Merlyn Morgan-Graham
`I would like to know that there are 4 total items, 2 of which are duplicates` for me means, that he want to get at least count of distinct items..
ŁukaszW.pl
I guess you can subtract the distinct count from the input count. Please add that to your solution, then :) He should probably clarify exactly what he wants, though, because he also implied he wanted a boolean value by saying `I am trying to find out if any of the lists are duplicated`. One might or might not be an easier problem than the other, and one is certainly faster than the other.
Merlyn Morgan-Graham
I am trying to find out the number of distinct lists, in an efficient way.
Nix
Good solution. This code can run O(n^2*m) as Andrey says, but it gets faster when there are less duplicates, and when there are no lists with the same number of elements then it's O(n*m). Plus it doesn't involve generating hashcodes; the comparison of the list elements is going to be nicer than comparison of hashcodes.

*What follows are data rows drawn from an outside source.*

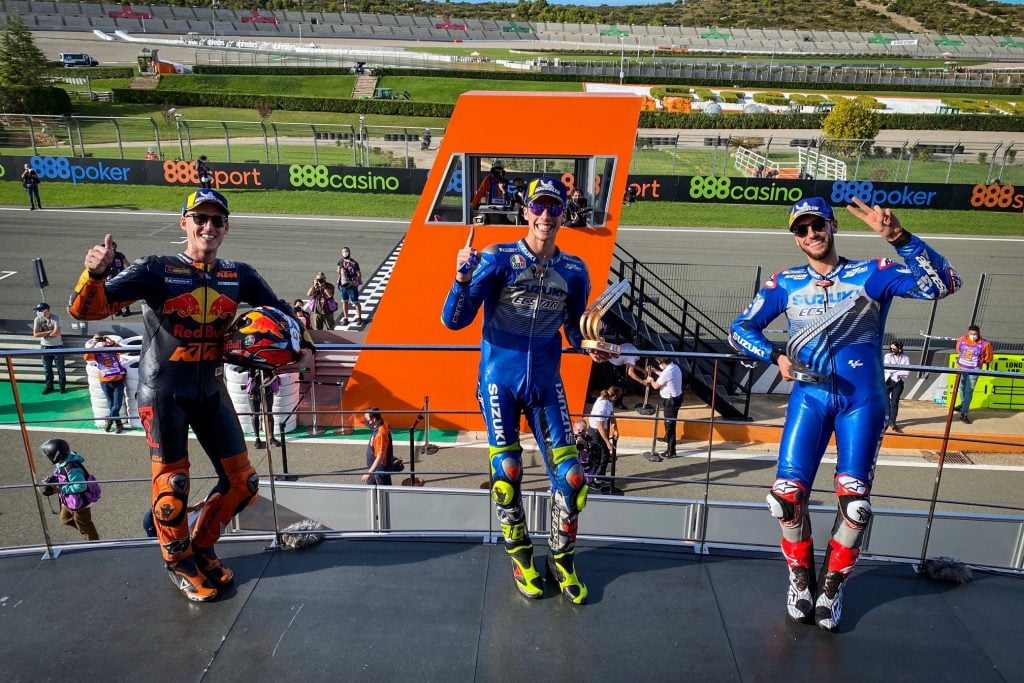 The Spaniard came out top of a duel between the two Suzukis, taking the lead on Lap 17 and not looking back from there. Alex Rins crossed the line in second and secured the first 1-2 for the Japanese manufacturer since 1982. Pol Espargaro rounded out the podium in third.
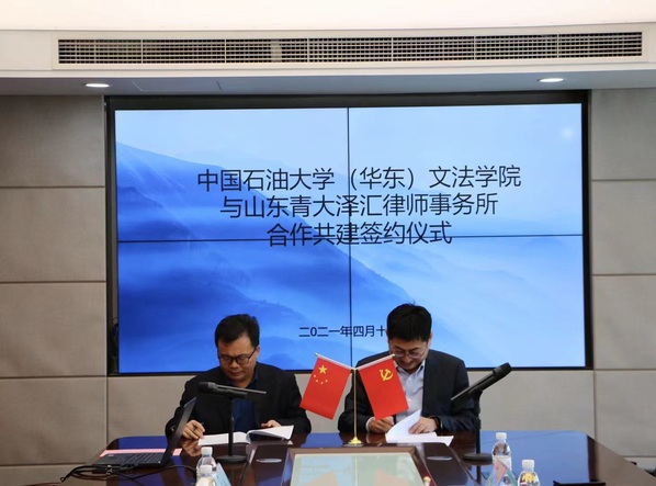 仪式上,王学栋表示与青大泽汇律师事务所建立法学实践教学基地,是一次“实现法学学生课内课外教学相结合”的重大实践,对于提升学生素质具有重要意义。双方签署了合作共建协议书。王学栋与王永久共同为“中国石油大学(华东)法学实践教学基地”揭牌。
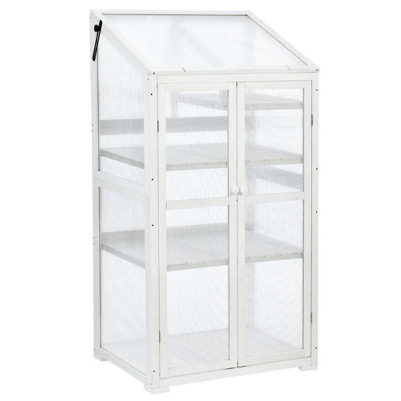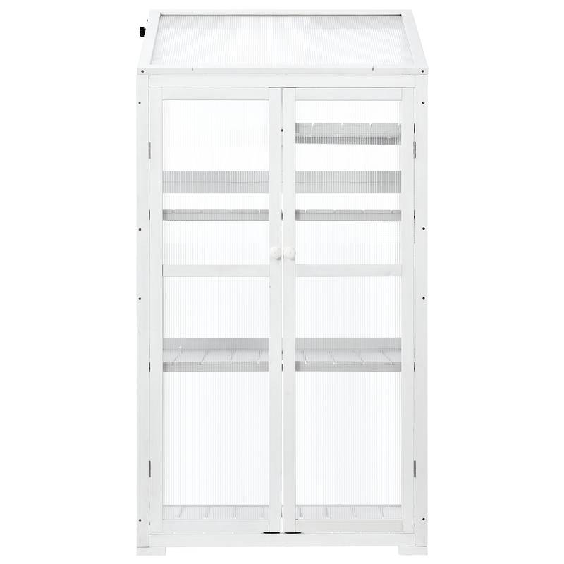 - Elevate your gardening game with our Mini Greenhouse Cold Frame, designed for garden enthusiasts with limited space. Crafted from sturdy fir wood and polycarbonate panels, it stands at 31.5x22.4x62 inches, providing ample room for your plants without cramping your balcony.
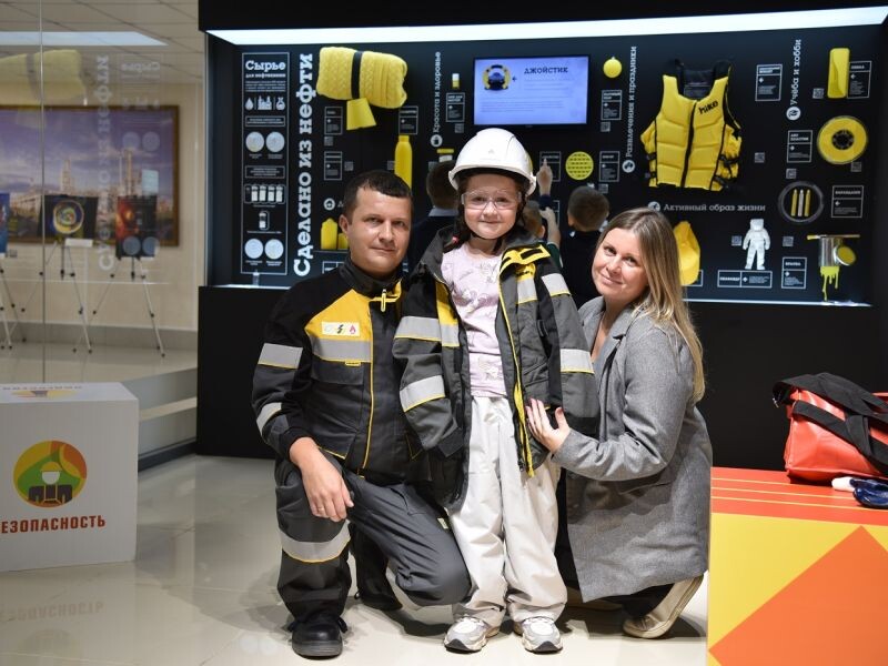 Корпоративный музей НПЗ интерактивен: многие экспонаты здесь можно потрогать руками, самостоятельно выбрать видео для просмотра, тему для прослушивания и прочтения. Маленьким нефтяникам в этом помогают их родители. И это тоже важная часть экскурсии, ведь для любого ребенка информация, которую узнал под руководством «своего» взрослого, особенна важна и запомнится надолго. Получить представление о профессиях отрасли помогает и фотозона с образцами спецодежды, которую можно примерить.
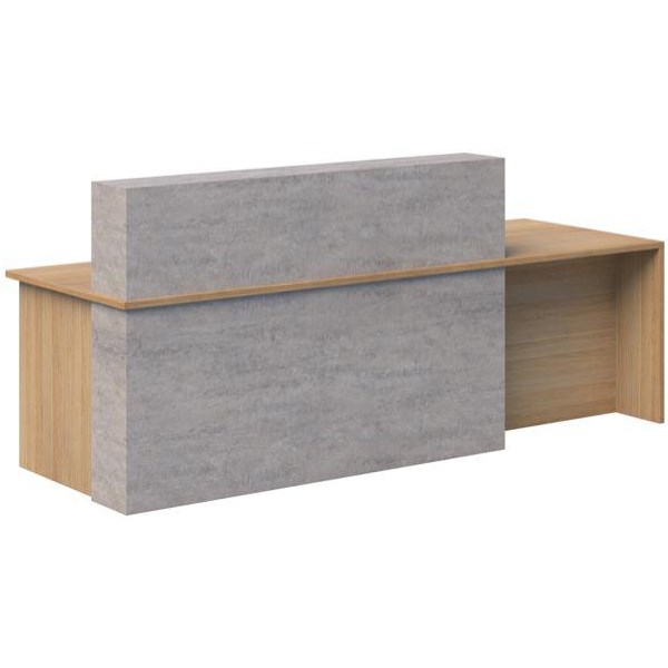 With its counter front and contemporary style, the Block Reception with wheelchair access is a versatile reception unit ideal for any workplace. It features a counter front with a Concrete Look Melamine construction and mitred edges. The desk is made from 25mm Classic Oak Melteca, provides wheelchair access on the right and features a handy cable port to help keep your workspace neat and tidy. Pair it with a Block reception return to create a corner desk.
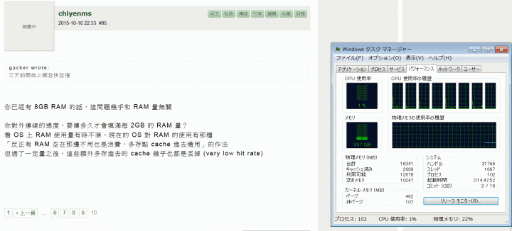 開分頁才10~30個,還好啦這個部分你的記憶體有4G、8G或16G,瀏覽器的吃法不一樣基本上對瀏覽器來說都是多多益善,很可能開同樣的分頁,裝越多吃越多我自己是用Firefox的分頁群組,所以隨便都會超過50個但實際上現在不管是Chrome還是Firefox,佔用記憶體的狀況都有改善真正要擔心的很可能是硬碟…所以要嘛就裝SSD,或是拿一部分記憶體做RAMDISK對於你裝8G或16G比較有差的是VM,這兩三個VM可以開多少資源給他,就要看你實際上有多少能用如果跑Win7以後的OS,就算拿32位元的也要1.5G RAM,64位元基本就要2G,除非你是拿來玩Container,那可能用不到那麼多因此還是建議裝16G,可以有比較多的規畫。
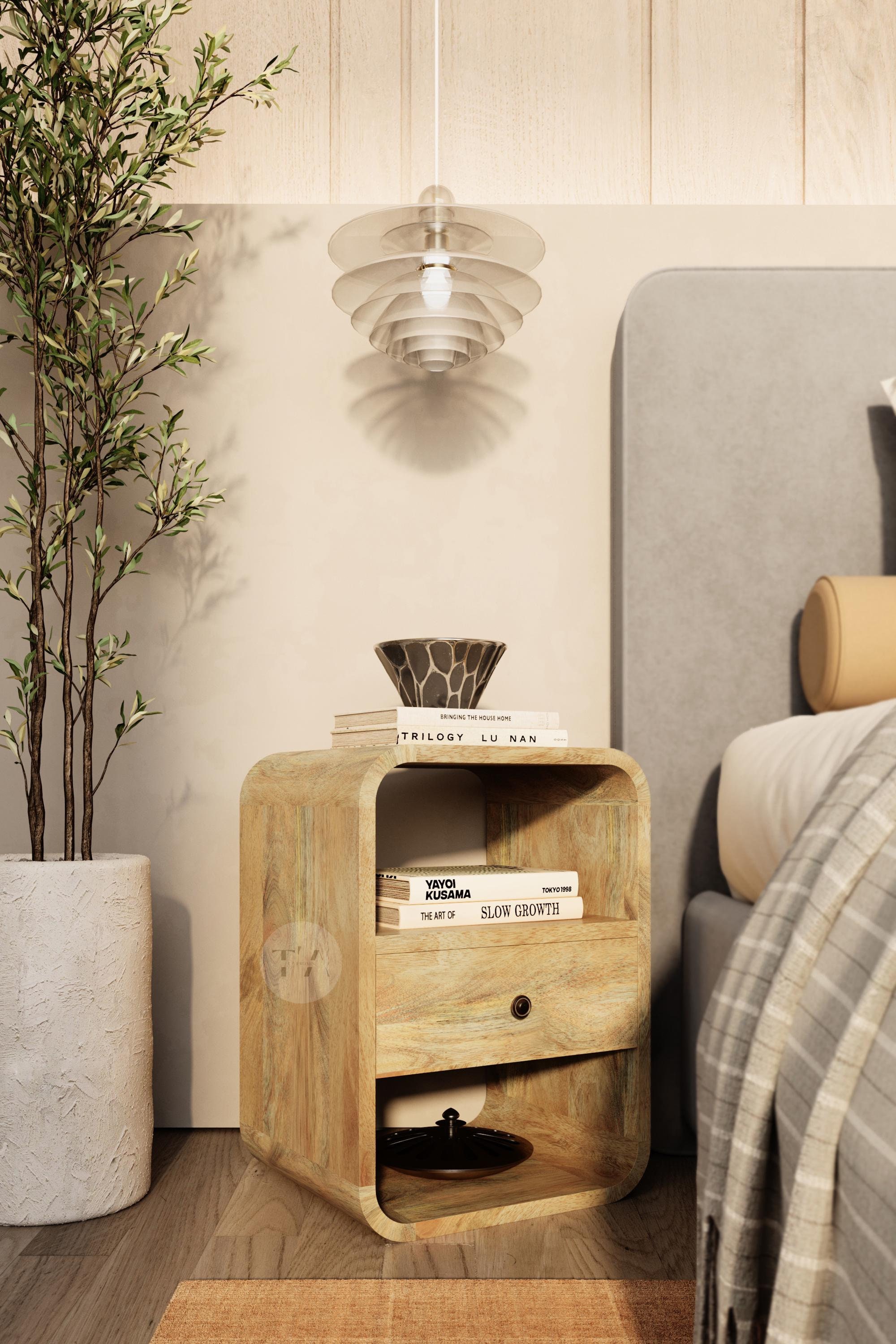 Our curved natural mango wood bedside table with storage drawers and shelves is the ideal addition f...

And *finally*, the questioner notes that the list type is not restricted to int - and this solution is very easily adapted to other types.
Kirk Broadhurst
+6  A: 

Let's try to get best performace. if n is number of lists and m is length of lists then we can get O(n*m + n*logn + n) plus some probability of hash codes to be equal for different lists.

Major steps:

  1. Calculate hash codes*
  2. Sort them
  3. Go over list to find dupes

* this is important step. for simlicity you can calc hash as = ... ^ (list[i] << i) ^ (list[i + 1] << (i + 1))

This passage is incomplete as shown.